Dapprima tentò di sostenere che l’omosessualità doveva essere peccaminosa perché impediva la riproduzione della razza umana, ma anche questo argomento fu scartato in quanto, come il d’Aquino osservò nella Summa Theologica, “un dovere può essere di due tipi: l’uno può essere imposto all’individuo come obbligo che non può essere ignorato senza commettere peccato, l’altro può essere imposto ad un gruppo.
Nel secondo caso nessun individuo è obbligato ad adempiere quel dovere. Il comandamento che riguarda la procreazione si applica alla razza umana nel suo insieme ed essa è obbligata, nel suo insieme, ad aumentare fisicamente di numero. Perciò è sufficiente per la razza che alcune persone si impegnano a riprodursi fisicamente”.
Inoltre, il d’Aquino ammette nella Summa Theologica che l’omosessualità era assolutamente connaturata a diversi individui e perciò incolpevoli.
Per quale ragione, allora, si sosteneva che era innaturale?
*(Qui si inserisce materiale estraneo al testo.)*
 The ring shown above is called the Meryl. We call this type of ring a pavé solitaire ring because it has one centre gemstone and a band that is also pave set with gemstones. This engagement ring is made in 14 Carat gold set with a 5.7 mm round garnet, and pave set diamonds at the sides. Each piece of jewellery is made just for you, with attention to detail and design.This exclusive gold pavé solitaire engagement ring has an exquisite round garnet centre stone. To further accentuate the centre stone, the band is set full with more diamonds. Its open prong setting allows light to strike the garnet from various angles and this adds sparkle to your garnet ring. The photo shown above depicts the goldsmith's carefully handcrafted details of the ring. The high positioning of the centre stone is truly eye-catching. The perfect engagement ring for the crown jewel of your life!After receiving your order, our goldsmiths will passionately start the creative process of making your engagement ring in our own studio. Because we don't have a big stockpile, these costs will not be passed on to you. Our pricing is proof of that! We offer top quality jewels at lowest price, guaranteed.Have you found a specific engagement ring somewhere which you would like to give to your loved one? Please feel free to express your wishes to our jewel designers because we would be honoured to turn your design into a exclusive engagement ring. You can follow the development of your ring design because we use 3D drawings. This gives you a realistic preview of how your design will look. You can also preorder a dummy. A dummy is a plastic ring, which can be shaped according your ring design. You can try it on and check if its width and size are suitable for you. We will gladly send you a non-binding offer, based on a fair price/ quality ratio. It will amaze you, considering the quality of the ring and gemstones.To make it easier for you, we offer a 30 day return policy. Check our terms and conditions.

In un terzo caso egli ammette che il termine “naturale” nei fatti non ha alcun significato morale, ma è semplicemente un termine che si applica alle cose che sono fortemente disapprovate. “L’omosessualità”, dice, “è definito il vizio innaturale dalla gente comune ed è per questa ragione che può essere definita innaturale”.
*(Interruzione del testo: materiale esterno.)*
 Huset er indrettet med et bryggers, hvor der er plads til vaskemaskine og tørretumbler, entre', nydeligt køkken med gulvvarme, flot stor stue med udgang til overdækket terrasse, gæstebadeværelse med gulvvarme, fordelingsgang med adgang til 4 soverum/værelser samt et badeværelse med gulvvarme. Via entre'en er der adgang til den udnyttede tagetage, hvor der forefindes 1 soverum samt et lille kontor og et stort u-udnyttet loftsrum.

Quella non fu un’invenzione del d’Aquino. Fu un adeguarsi ai pregiudizi popolari del tempo. Non prendeva la propria autorevolezza dalla Bibbia e da altre preziose tradizioni della morale cristiana, ma alla fine divenne comunque parte del pensiero teologico cattolico.
Questi atteggiamenti sono rimasti praticamente immutati nei secoli successivi perché non vi è mai stata una spinta popolare al cambiamento. Il pubblico ha continuato a sentire ostilità verso i gay e la chiesa non ha perciò subito alcuna pressione per riesaminare le origini dei suoi insegnamenti sull’omosessualità.
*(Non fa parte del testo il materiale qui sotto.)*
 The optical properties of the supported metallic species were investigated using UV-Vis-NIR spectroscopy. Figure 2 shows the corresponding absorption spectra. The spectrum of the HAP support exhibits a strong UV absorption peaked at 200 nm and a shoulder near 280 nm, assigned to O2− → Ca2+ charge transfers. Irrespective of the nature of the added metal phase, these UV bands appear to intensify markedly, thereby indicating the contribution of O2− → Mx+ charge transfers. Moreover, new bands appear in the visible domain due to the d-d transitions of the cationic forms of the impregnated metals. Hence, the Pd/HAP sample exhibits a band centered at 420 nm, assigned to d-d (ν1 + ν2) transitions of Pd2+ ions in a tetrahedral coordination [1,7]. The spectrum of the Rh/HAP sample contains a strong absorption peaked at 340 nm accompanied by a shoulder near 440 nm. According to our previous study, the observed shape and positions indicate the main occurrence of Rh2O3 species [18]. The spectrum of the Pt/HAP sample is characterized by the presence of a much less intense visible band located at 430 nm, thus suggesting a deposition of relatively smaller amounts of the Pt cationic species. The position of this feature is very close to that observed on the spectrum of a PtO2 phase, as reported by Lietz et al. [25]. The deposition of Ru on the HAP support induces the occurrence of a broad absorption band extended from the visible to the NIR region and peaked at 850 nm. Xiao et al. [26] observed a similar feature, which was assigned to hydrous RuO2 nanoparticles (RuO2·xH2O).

È perciò sempre possibile che la chiesa cambi i propri atteggiamenti nei confronti dei gay e della loro sessualità, poiché le obiezioni all’omosessualità non sono bibliche, non sono coerenti, non sono parte dell’insegnamento di Gesù, e non sono fondamentalmente neppure cristiane.
È possibile perché il cristianesimo fu indifferente, se non tollerante, verso i gay e i loro sentimenti per un periodo di tempo più lungo di quello durante il quale ci fu ostilità verso i gay.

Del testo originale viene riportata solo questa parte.